● Task statement
Apart from the pictures, every line below needs to be reproduced verbatim.

● Material provided
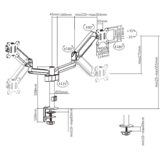 - Stolní držák monitoru s dvojitým ramenem monitoru
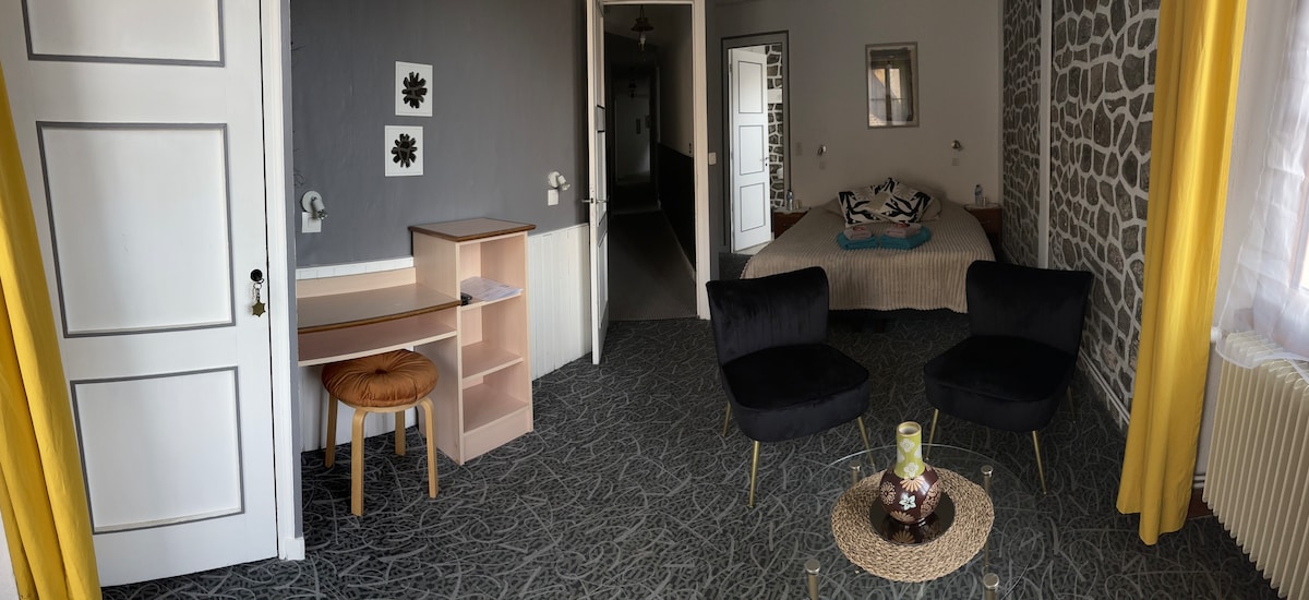 Grand appartement duplex SANS AUCUN ESPACES À PARTAGER (ce qui n'était pas le cas avant). Chambre climatisée à l'étage, avec douche hammam (bain de vapeur), lit Emperor (2x2m) dans ancien hôtel rénové, salon TV privé, au centre du village en désertification de Rochefort-Montagne. chambre : Matelas 2x2m sur cadre à lattes, machine à café Senseo, bouilloire et petit réfrigérateur. Draps/couettes/serviettes fournies, Wifi à chaque étage, Grande Cuisine au rez-de-chaussée, salon, TV Android.
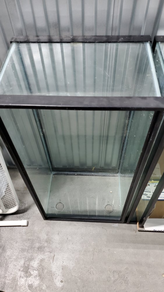 1) Custom glasscages rimless 36x24x18. Half inch glass, black silicone, front panel Starfire glass, back overflow with 3 one inch holes on bottom $150
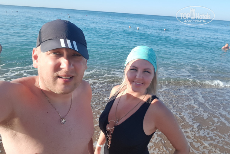 Отдыхали с мужем в сентябре 2018 года. По приезду в отель испугались, что нам не достанется номера, т.к. в этот день заехало 90 гостей. Было видно, что персонал на ресепшене не справляется с приемом гостей и заселением. Некоторые гости ругались и кричали, что их никак не могут заселить. Но все обошлось. Примерно к трем часам вернулись с моря и нам отдали ключи от номера. Номер был в дальнем корпусе на первом этаже с видом на сцену. Все мероприятия можно было наблюдать сидя на балконе))) В номере был сломан кондиционер (капала вода на пол) и шторка душевой. Шторку отремонтировали сразу. А вот кондиционер наверное попытки с третьей. Но этот момент не испортил отдыха))) Еды очень много и все очень вкусно. Обедали в основном на пляже. Там ооочень вкусная пицца. Вход в море галька. Я купалась в мыльницах, т.к. ноги не "терпят" гальку. После ужина обычно шли в бар, который располагался возле нашего корпуса. Отдельное спасибо бармену Зафиру (вроде). Каждый вечер он готовил нам отличные коктейли)))
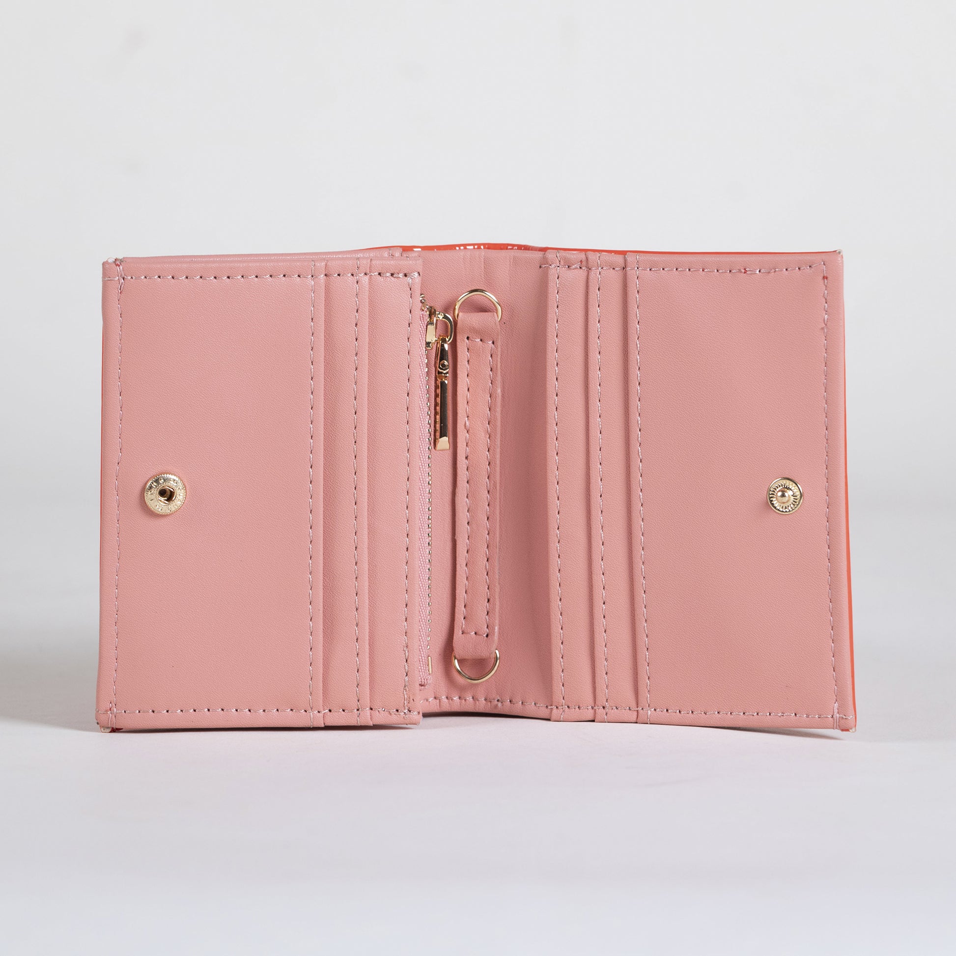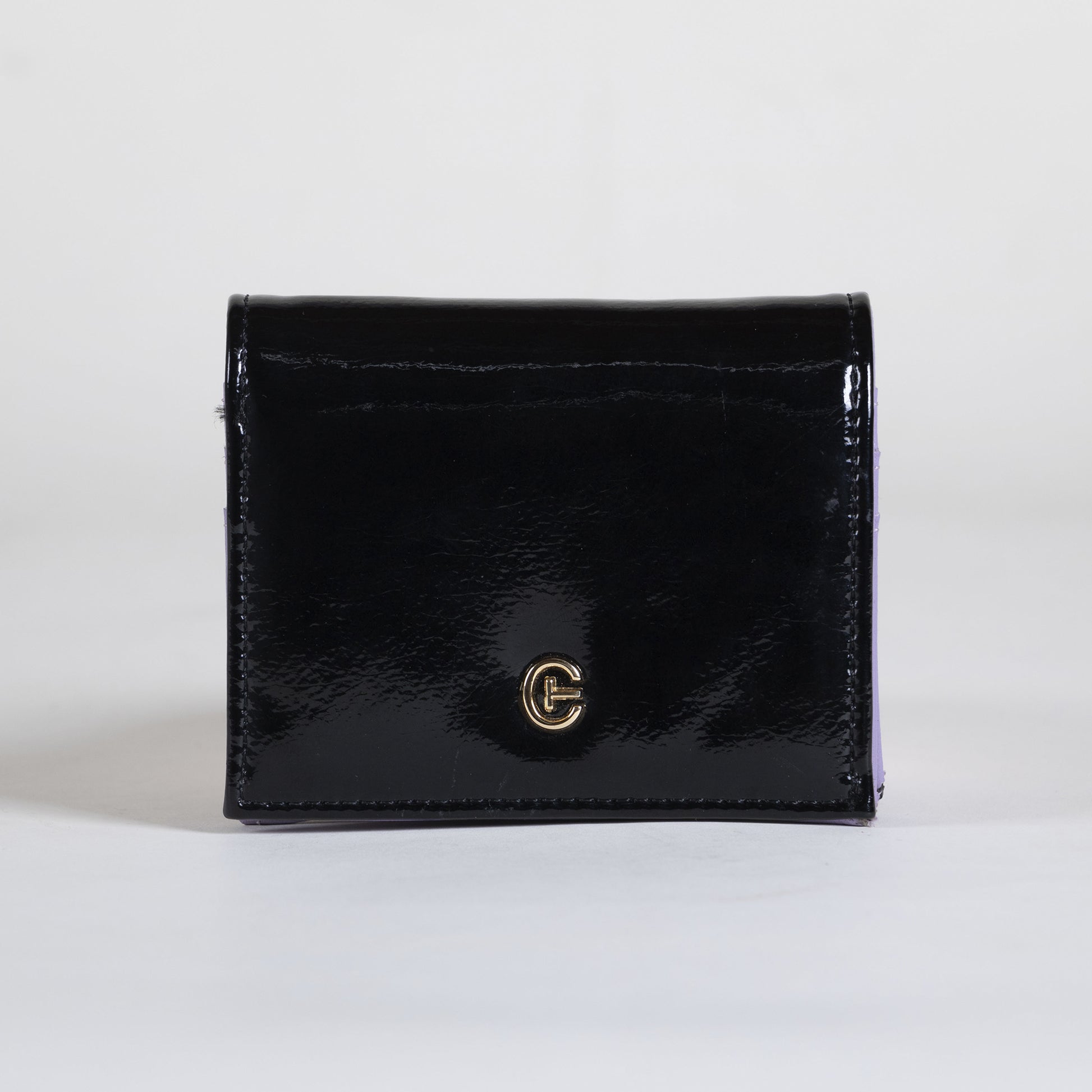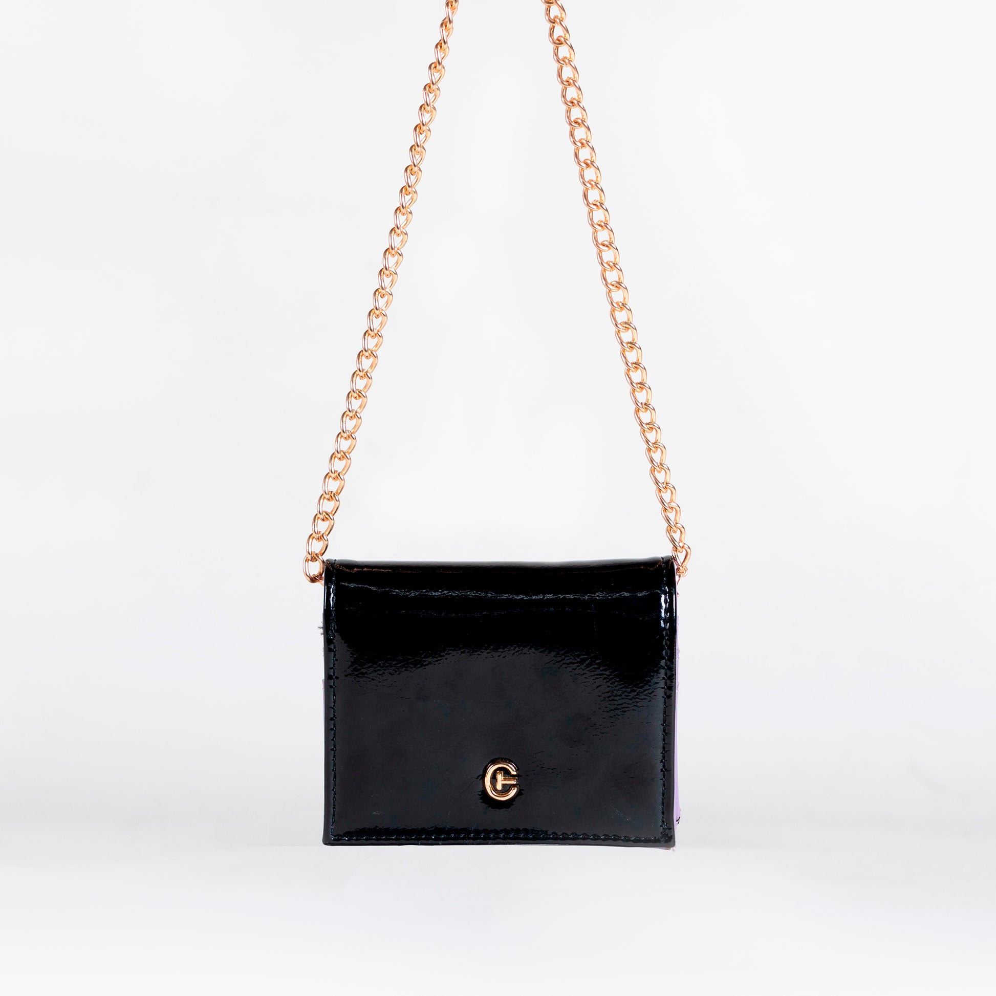 Cartera con cadena removible, espacio para monedas y tarjetas.

● Task result
 - Stolní držák monitoru s dvojitým ramenem monitoru
 Grand appartement duplex SANS AUCUN ESPACES À PARTAGER (ce qui n'était pas le cas avant). Chambre climatisée à l'étage, avec douche hammam (bain de vapeur), lit Emperor (2x2m) dans ancien hôtel rénové, salon TV privé, au centre du village en désertification de Rochefort-Montagne. chambre : Matelas 2x2m sur cadre à lattes, machine à café Senseo, bouilloire et petit réfrigérateur. Draps/couettes/serviettes fournies, Wifi à chaque étage, Grande Cuisine au rez-de-chaussée, salon, TV Android.
 1) Custom glasscages rimless 36x24x18. Half inch glass, black silicone, front panel Starfire glass, back overflow with 3 one inch holes on bottom $150
 Отдыхали с мужем в сентябре 2018 года. По приезду в отель испугались, что нам не достанется номера, т.к. в этот день заехало 90 гостей. Было видно, что персонал на ресепшене не справляется с приемом гостей и заселением. Некоторые гости ругались и кричали, что их никак не могут заселить. Но все обошлось. Примерно к трем часам вернулись с моря и нам отдали ключи от номера. Номер был в дальнем корпусе на первом этаже с видом на сцену. Все мероприятия можно было наблюдать сидя на балконе))) В номере был сломан кондиционер (капала вода на пол) и шторка душевой. Шторку отремонтировали сразу. А вот кондиционер наверное попытки с третьей. Но этот момент не испортил отдыха))) Еды очень много и все очень вкусно. Обедали в основном на пляже. Там ооочень вкусная пицца. Вход в море галька. Я купалась в мыльницах, т.к. ноги не "терпят" гальку. После ужина обычно шли в бар, который располагался возле нашего корпуса. Отдельное спасибо бармену Зафиру (вроде). Каждый вечер он готовил нам отличные коктейли)))
 Cartera con cadena removible, espacio para monedas y tarjetas.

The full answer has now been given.